Most often used as testq %rax, %rax, which ANDs a value with itself. The result equals the value, so the flags directly reflect the sign and zeroness of the value - a compact idiom for "is this register zero, negative, or positive?". When you see test %reg, %reg followed by a conditional jump, read it as "branch on the sign of %reg".

Worked example - interpreting cmp and test

Suppose %edi = 0x10 (that's 16 in decimal).

  • cmp $0x10, %edi - computes %edi - 0x10 = 16 - 16 = 0. ZF is set. A subsequent je would jump.
  • test $0x10, %edi - computes %edi & 0x10 = 0x10 & 0x10 = 0x10 ≠ 0. ZF is not set.

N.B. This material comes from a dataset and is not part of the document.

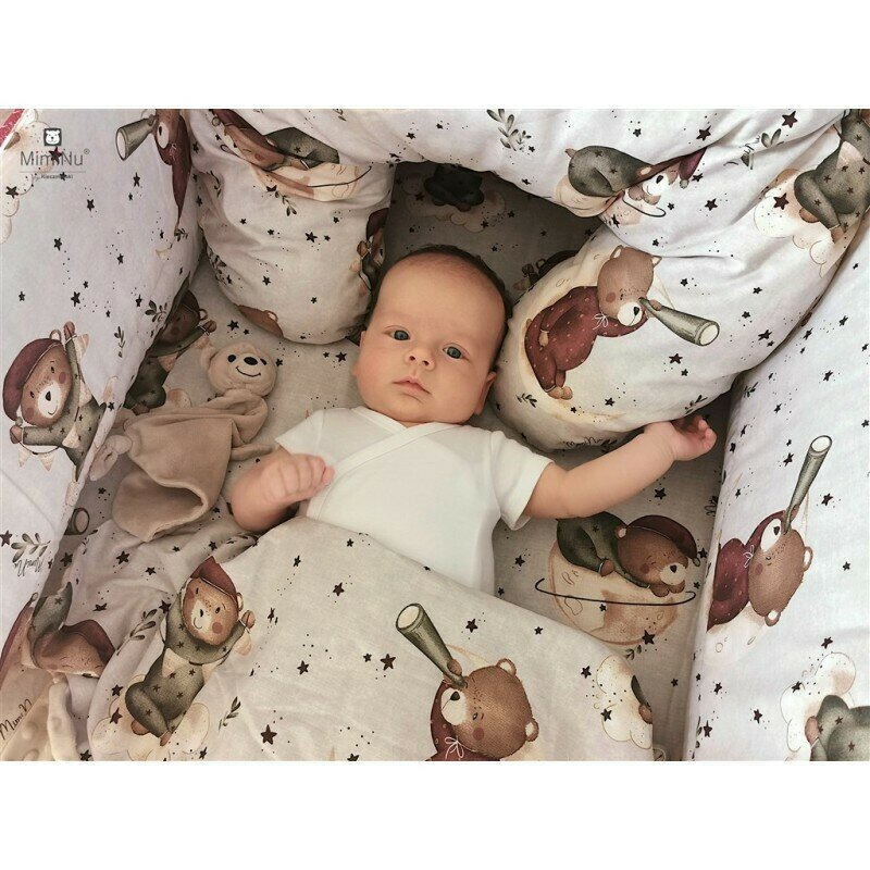 MimiNu Lenjerie patut cu 3 piese, MimiNu, pentru patut 120x60 cm, cu protectie laterala, din bumbac, Teddy Bear On Moon

A subsequent je would not jump.

These look deceptively similar but do very different things. cmp is about equality/ordering; test is about bitmask checks and sign checks.

19. Conditional Jumps - je, jne, jg, jl, …

Conditional jumps inspect the condition codes and jump to the target only if the condition holds. Otherwise execution continues to the next instruction. The target is hard-coded in the instruction (direct jump only).

Unsigned vs signed

x86 provides two families of comparison jumps because signed and unsigned numbers don't order the same way. 0xFFFFFFFF is -1 as a signed int, but 4294967295 as an unsigned int.

  • Signed: jg, jge, jl, jle - these mean "greater", "greater or equal", "less", "less or equal".
  • Unsigned: ja, jae, jb, jbe - these mean "above", "above or equal", "below", "below or equal".
  • Equality: je / jne work for both (equality doesn't care about signedness).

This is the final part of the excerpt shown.